* _Task to carry out_
Exclude pictures and give again exactly the lines of the listing, beginning with its first line and ending with the one that contains "Fechadura Banheiro Stam".

Supplied information START

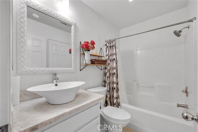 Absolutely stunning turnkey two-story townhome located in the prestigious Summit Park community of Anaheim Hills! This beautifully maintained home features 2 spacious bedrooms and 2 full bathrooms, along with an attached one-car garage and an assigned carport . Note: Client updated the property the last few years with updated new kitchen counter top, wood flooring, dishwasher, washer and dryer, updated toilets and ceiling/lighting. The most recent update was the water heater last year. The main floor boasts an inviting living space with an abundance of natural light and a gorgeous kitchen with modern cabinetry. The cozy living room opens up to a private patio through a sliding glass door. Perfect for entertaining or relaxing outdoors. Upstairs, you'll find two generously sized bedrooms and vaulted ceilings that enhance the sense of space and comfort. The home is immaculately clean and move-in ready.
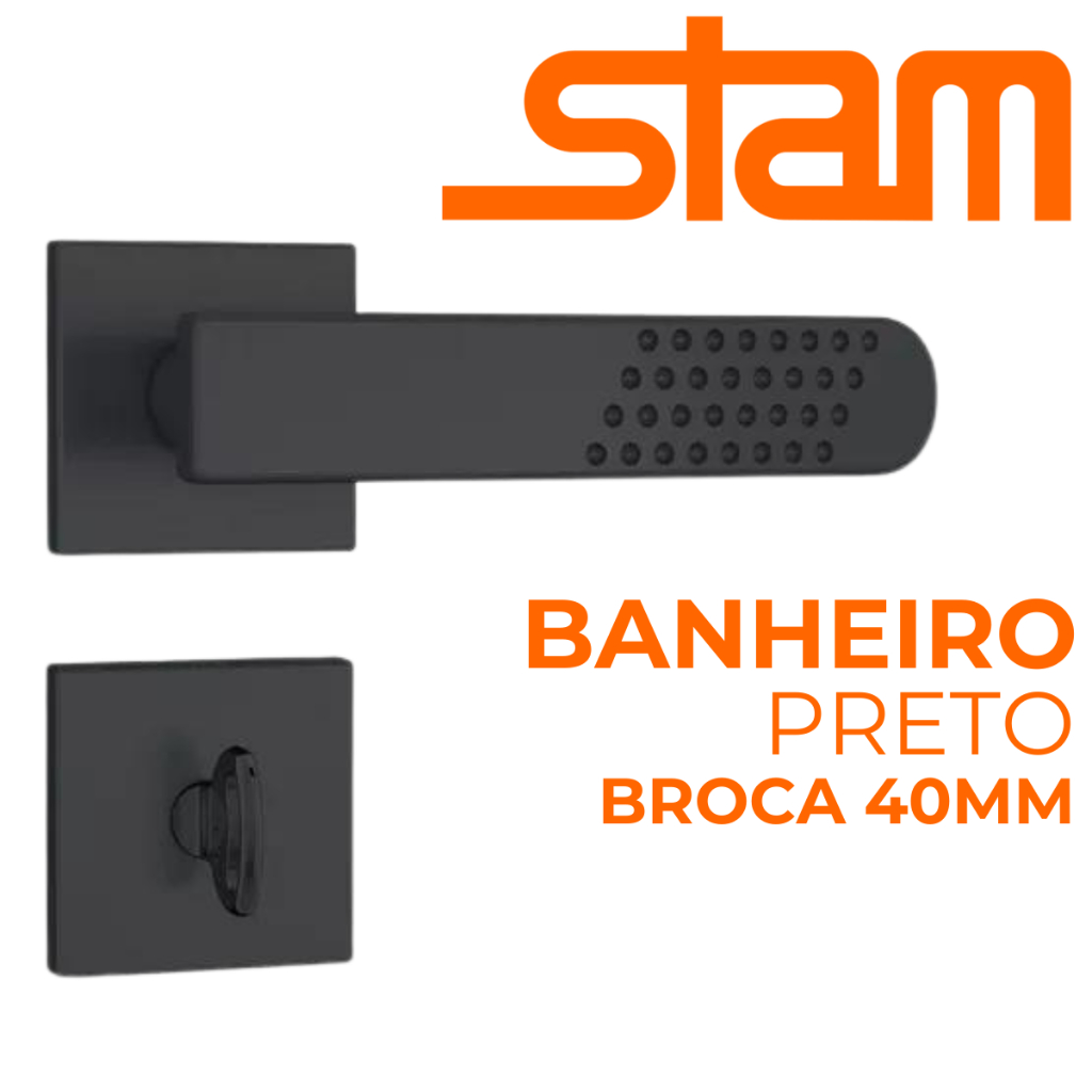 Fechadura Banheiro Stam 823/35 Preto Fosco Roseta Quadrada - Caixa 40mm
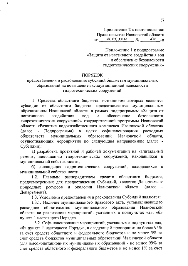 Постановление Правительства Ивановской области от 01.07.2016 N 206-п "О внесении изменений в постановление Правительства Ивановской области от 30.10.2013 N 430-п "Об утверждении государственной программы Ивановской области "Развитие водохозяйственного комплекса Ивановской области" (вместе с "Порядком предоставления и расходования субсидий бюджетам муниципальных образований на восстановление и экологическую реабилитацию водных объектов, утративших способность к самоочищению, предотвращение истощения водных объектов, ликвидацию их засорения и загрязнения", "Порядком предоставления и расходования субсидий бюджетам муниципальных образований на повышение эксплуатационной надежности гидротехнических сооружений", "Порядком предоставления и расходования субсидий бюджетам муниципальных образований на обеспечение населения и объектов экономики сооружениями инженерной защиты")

Supplied information END

* _Task output_
 Absolutely stunning turnkey two-story townhome located in the prestigious Summit Park community of Anaheim Hills! This beautifully maintained home features 2 spacious bedrooms and 2 full bathrooms, along with an attached one-car garage and an assigned carport . Note: Client updated the property the last few years with updated new kitchen counter top, wood flooring, dishwasher, washer and dryer, updated toilets and ceiling/lighting. The most recent update was the water heater last year. The main floor boasts an inviting living space with an abundance of natural light and a gorgeous kitchen with modern cabinetry. The cozy living room opens up to a private patio through a sliding glass door. Perfect for entertaining or relaxing outdoors. Upstairs, you'll find two generously sized bedrooms and vaulted ceilings that enhance the sense of space and comfort. The home is immaculately clean and move-in ready.
 Fechadura Banheiro Stam 823/35 Preto Fosco Roseta Quadrada - Caixa 40mm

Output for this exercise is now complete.